Data records
---------------

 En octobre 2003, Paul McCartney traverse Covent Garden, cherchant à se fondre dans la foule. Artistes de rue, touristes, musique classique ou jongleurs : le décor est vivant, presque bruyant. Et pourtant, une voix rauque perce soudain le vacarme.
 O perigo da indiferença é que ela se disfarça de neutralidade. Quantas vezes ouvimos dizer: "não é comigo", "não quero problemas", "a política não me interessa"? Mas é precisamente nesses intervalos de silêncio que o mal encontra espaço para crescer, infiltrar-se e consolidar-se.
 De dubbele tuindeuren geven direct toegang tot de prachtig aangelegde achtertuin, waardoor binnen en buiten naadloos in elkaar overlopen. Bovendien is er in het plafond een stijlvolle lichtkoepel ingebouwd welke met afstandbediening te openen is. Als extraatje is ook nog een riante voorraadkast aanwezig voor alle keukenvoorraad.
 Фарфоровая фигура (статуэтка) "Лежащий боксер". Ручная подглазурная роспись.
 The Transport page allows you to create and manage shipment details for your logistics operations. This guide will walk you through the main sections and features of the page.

---------------

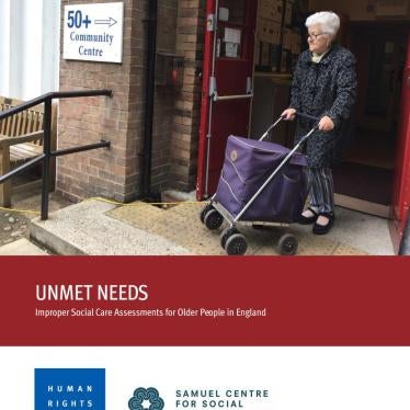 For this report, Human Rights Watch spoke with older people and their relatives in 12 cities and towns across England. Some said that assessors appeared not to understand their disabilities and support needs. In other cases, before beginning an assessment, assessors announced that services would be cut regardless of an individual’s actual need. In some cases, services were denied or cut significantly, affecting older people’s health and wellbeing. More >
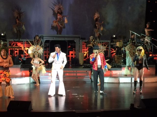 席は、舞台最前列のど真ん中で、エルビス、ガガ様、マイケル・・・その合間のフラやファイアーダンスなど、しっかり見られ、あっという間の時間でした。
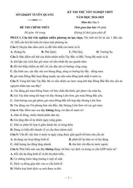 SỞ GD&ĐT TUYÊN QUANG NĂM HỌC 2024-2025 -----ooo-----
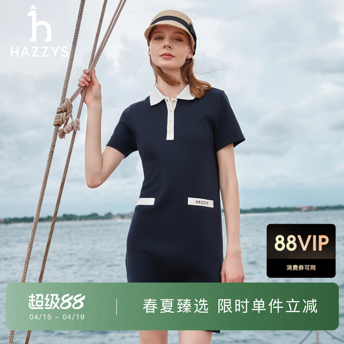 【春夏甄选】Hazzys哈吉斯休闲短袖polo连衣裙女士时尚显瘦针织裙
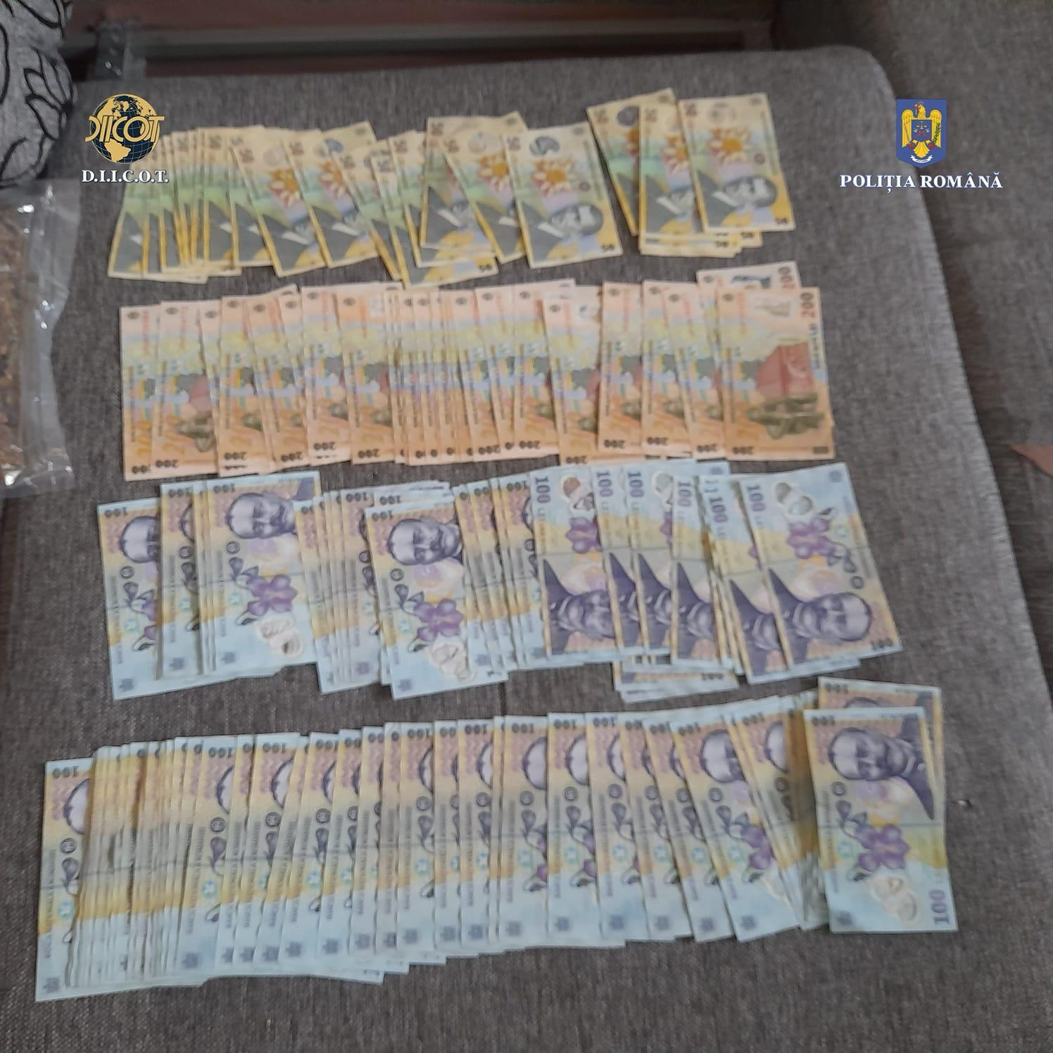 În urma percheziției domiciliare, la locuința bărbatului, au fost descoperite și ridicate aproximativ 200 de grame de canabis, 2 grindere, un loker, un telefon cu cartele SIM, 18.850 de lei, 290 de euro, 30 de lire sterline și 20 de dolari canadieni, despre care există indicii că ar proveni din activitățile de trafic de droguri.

---------------

* **YOUR ASSIGNMENT**:
Find the line with "SỞ GD&ĐT TUYÊN" and the line with "În urma percheziției" in the records above. Copy both and all lines between them exactly, without pictures.

* **PROBLEM SOLUTION**:
 SỞ GD&ĐT TUYÊN QUANG NĂM HỌC 2024-2025 -----ooo-----
 【春夏甄选】Hazzys哈吉斯休闲短袖polo连衣裙女士时尚显瘦针织裙
 În urma percheziției domiciliare, la locuința bărbatului, au fost descoperite și ridicate aproximativ 200 de grame de canabis, 2 grindere, un loker, un telefon cu cartele SIM, 18.850 de lei, 290 de euro, 30 de lire sterline și 20 de dolari canadieni, despre care există indicii că ar proveni din activitățile de trafic de droguri.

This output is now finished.